▶ _ASSIGNED TASK_:
Below are entries; copy exactly the lines from the one with "흰색 광택 무릎 양말" through the one with "L'islam est de", both included, and leave out the rest.

━━━━━ INPUT MATERIAL ━━━━━

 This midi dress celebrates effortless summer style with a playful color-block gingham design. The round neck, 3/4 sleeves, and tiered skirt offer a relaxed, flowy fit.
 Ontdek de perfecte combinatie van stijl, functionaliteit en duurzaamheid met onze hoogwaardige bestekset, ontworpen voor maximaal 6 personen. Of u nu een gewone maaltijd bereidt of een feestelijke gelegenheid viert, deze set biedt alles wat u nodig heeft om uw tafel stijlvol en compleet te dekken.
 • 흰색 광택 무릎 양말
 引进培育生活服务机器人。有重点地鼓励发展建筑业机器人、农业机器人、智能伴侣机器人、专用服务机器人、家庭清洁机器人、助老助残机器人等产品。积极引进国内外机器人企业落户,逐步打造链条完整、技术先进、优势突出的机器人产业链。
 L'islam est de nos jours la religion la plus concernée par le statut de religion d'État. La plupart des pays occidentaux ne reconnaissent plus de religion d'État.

━━━━━
━━━━━ INPUT MATERIAL ━━━━━

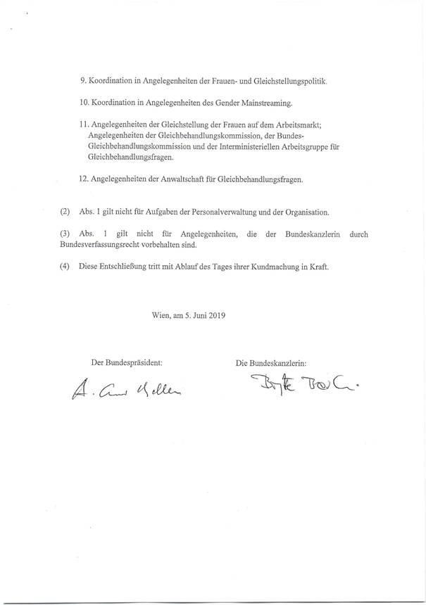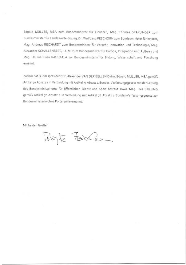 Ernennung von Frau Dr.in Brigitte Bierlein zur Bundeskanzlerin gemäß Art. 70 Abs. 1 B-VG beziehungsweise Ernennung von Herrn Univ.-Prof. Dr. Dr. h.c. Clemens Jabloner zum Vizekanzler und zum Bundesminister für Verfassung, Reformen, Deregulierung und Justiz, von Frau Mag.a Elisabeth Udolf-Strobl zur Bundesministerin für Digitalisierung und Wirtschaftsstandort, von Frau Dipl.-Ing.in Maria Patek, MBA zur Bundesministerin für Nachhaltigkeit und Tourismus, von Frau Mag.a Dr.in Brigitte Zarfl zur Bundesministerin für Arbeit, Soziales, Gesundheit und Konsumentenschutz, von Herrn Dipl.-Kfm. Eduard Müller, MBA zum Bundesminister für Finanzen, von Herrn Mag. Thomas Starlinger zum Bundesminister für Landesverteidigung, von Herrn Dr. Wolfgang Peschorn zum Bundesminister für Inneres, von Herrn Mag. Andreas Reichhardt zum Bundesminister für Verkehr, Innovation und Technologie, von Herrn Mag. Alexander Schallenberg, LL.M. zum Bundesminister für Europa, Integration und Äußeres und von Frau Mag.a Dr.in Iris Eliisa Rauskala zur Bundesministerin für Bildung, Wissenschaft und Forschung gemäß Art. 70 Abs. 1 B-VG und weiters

━━━━━
━━━━━ INPUT MATERIAL ━━━━━

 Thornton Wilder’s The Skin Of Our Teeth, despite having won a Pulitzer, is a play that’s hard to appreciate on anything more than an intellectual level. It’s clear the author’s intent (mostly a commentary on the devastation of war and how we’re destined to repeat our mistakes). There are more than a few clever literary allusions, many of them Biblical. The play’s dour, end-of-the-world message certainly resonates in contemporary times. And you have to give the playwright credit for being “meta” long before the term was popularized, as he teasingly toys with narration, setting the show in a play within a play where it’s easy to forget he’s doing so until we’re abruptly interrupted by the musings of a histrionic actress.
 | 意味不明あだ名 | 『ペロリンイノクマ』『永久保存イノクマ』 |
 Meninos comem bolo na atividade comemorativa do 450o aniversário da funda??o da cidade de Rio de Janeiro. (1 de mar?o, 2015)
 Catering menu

━━━━━

▶ _EXERCISE OUTPUT_:
 • 흰색 광택 무릎 양말
 引进培育生活服务机器人。有重点地鼓励发展建筑业机器人、农业机器人、智能伴侣机器人、专用服务机器人、家庭清洁机器人、助老助残机器人等产品。积极引进国内外机器人企业落户,逐步打造链条完整、技术先进、优势突出的机器人产业链。
 L'islam est de nos jours la religion la plus concernée par le statut de religion d'État. La plupart des pays occidentaux ne reconnaissent plus de religion d'État.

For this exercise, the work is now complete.